Две жизни для волчицы
Шрифт:
— Все хорошо? У тебя просто взгляд странный…
— Да… Просто, тебе честно?
— Да уж постарайся по возможности, — он усмехается, дожидаясь, пока я перестану ворочаться и улягусь, самому Ужову явно все равно, в какой позе спать.
— Я хочу тебя укусить. Но боюсь отравиться.
— Мы это контролируем. Так сильно зубы чешутся?
В ответ только тяжело вздыхаю. Ну ничего не могу с собой поделать. С шестнадцати лет не могу. Либидо у теплокровных оборотней огромное, никакие неприятные болячки к нам не цепляются, а я еще и, к сожалению, имею некоторые проблемы по женской части с нерадужной перспективой остаться без детей. О последнем стараюсь
Влад молча подставляет мне горло. Машинально перекидываю через него ногу, устраиваясь, чтобы удобнее было кусать. Змей явно с большим удовольствием постарался бы меня тормознуть, я в этом уверена, слишком уж отчетливо шипит. Впрочем, уверенность моя держится недолго, потому что он сжимает стальными пальцами мои бедра и тянет вниз, заставляя сесть на себя.
— О, тебе нравится?
— Господи, Белова, ты сейчас собралась…
— Что? Думаешь, я не знаю, какие сплетни наша Великая Душнила передает за моей спиной? Знаю, конечно. Половину из них я сама распустила. А выговор и угроза исключить из-за стриптиза в общаге — тоже правда…
— Будущий педагог, ха, — руки у змея нагрелись. — Интересно, Андрей сразу попытается свернуть мне шею или даст шанс смыться?
— Никто из твоих предшественников к предкам не отошел, так что расслабься.
Чертова реакция на стресс! Я ведь вообще ничего такого не планировала но, кажется, приближающиеся холода вызывают у меня нечто похожее на гон у диких волков. Поднимаю взгляд на окно и понимаю, что за ним медленно падают крупные хлопья снега. Влад аккуратно скидывает меня на кровать, выскальзывая из комнаты. По звукам понимаю, что ушел он в душ. А меня, кажется, отшили. Непривычно. Сажусь, пытаясь понять, что вообще делать.

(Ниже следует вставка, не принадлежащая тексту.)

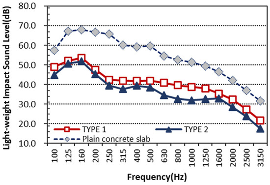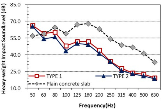 The floor impact noise levels measured using the standard light-weight impact source were calculated in 1/3 octave bands after background noise correction. A comparison graph for the light impact noise level according to the frequency for each floor type is shown in Figure 7. As shown in Figure 5, based on the measured light impact noise levels for Type 2 floors, the reduction performance for the light impact noise was improved. For this reason, according to the study result by K.W. Kim, it was found that, as the thickness of resilient material increased, the reduction performance of the light impact noise increased [4]. Although the total thickness of the resilient layer was 30 mm in both floor types, the effective EPS thickness contributing to light impact noise reduction in Type 2 was estimated to be 3 mm greater than that in Type 1. On the other hand, it was shown from the study result that, if the dynamic stiffness of resilient material increased, the reduction performance of the light impact noise also decreased. However, it was shown that, although the dynamic stiffness in Type 2 floors was higher than that of Type 1 floors, the reduction performance of the light impact noise was excellent.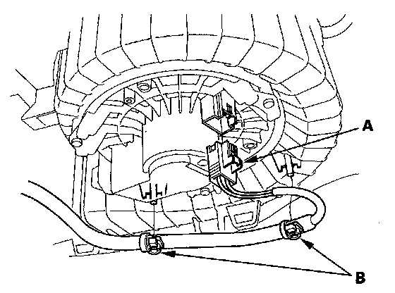 5. Disconnect the connector (A) from the front blower motor. Remove the wire harness clips (B).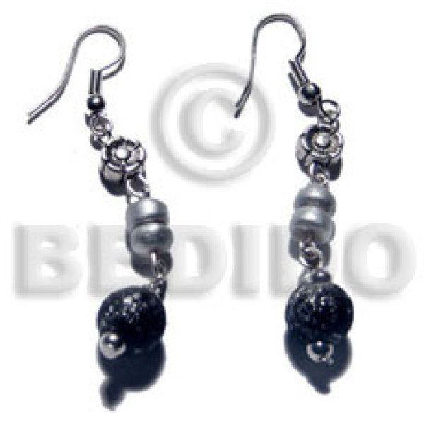 dangling wood beads and 4-5mm coco Pokalet in silver tones..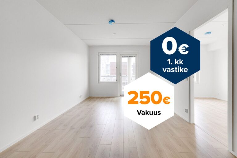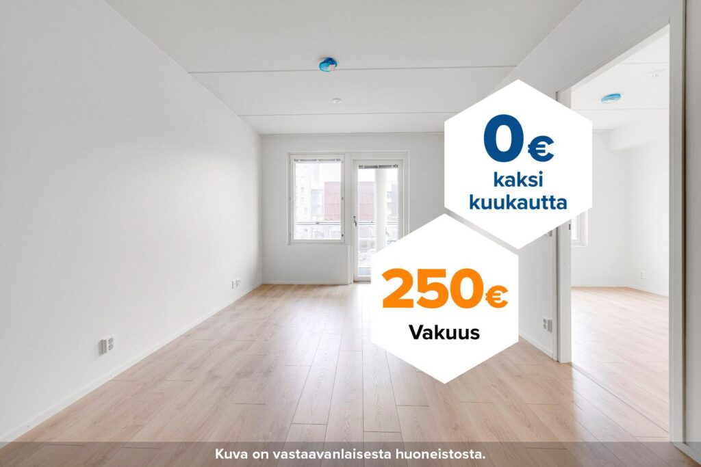 Tee sopimus nyt – saat kahden ensimmäisen kuukauden käyttövastikkeet hintaan 0 € ja vakuusmaksun 250 €. Etu voimassa 15.4.2026 saakka ja koskee vain uusia asiakkaita. Vesi- ja autopaikkamaksut normaalisti. Edellyttää 12 kk asumista.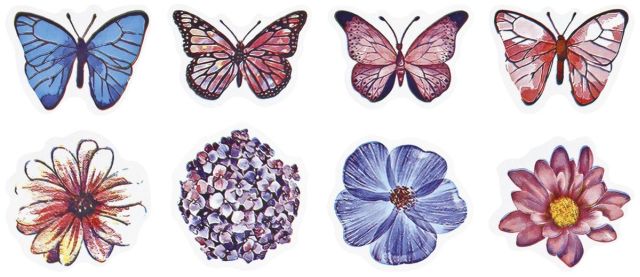 Titanum » Artykuły dekoracyjne całoroczne » Naklejki Dekoracyjne » Naklejki papierowe na taśmie 8 wzorów motyle, kwiaty mix rozmiarów 500szt. szerokość taśmy 28mm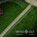 Add a touch of delicate elegance and texture to your creations with Trendz Lace – KZ-411. This beautiful fancy lace features a unique and intricate design with a repeating pattern of circular and geometric motifs, meticulously lined with shimmering micro-beads and sequins. The beadwork creates a continuous, sparkling pattern that catches the light beautifully, offering a sophisticated and clean finish. The lace is set on a subtle sheer base, giving it a lightweight and ethereal quality.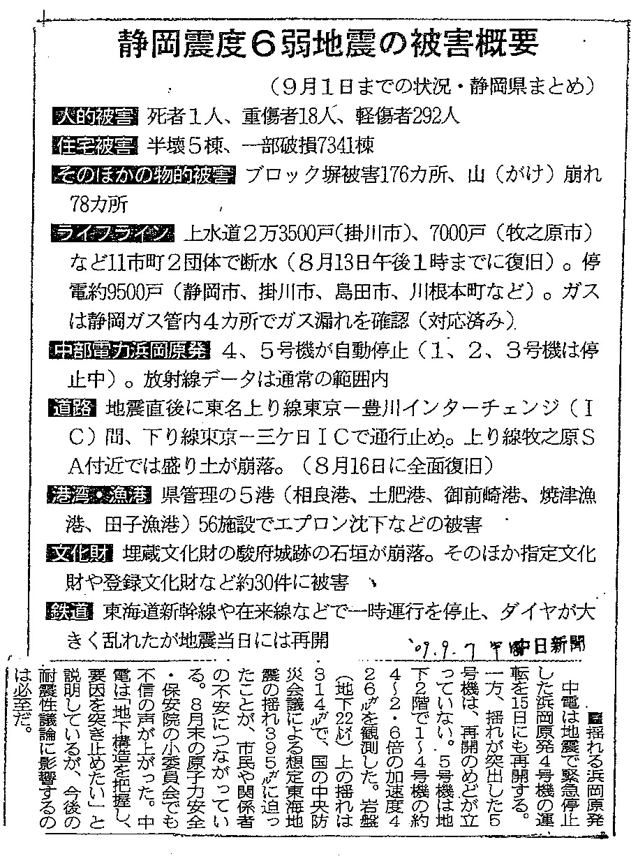 [2009_09_07_01]静岡震度6弱地震の被害概要 揺れる浜岡原発(中日新聞2009年9月7日)

Подкрадываюсь к двери, прислушиваясь к происходящему за ней. Крайне велик соблазн подцепить щеколду когтем, это легко. Только она щелкает раньше. Кожа змея теперь ледяная, у меня мурашки по спине идут, когда тот касается плеча, придерживая меня.
— Поль…
— Я… Извини. Не понимаю, что на меня нашло. Давай просто пойдем спать.
Ухожу первой, потому что от взгляда Влада внутри все переворачивается, даже как будто тошно от самой себя становится. Я всегда относилась ко всему легко, кажется, жизнь от этого устала, решила преподнести мне урок, подкидывая одну за одной темы для размышлений и вот такие ситуации, где нужно бы сначала пошевелить мозгами, а потом уже делать.
Рисунок полоза на стене ехидно сверкает желтыми глазами. Вот же зараза. Надо будет утром снять. Залезаю под одеяло, кутаясь как можно плотнее, пока Влад не отбирает край, прижимаясь к спине. Точно. Змеи же ищут, где теплее, вот и он стремиться быть поближе к источнику тепла.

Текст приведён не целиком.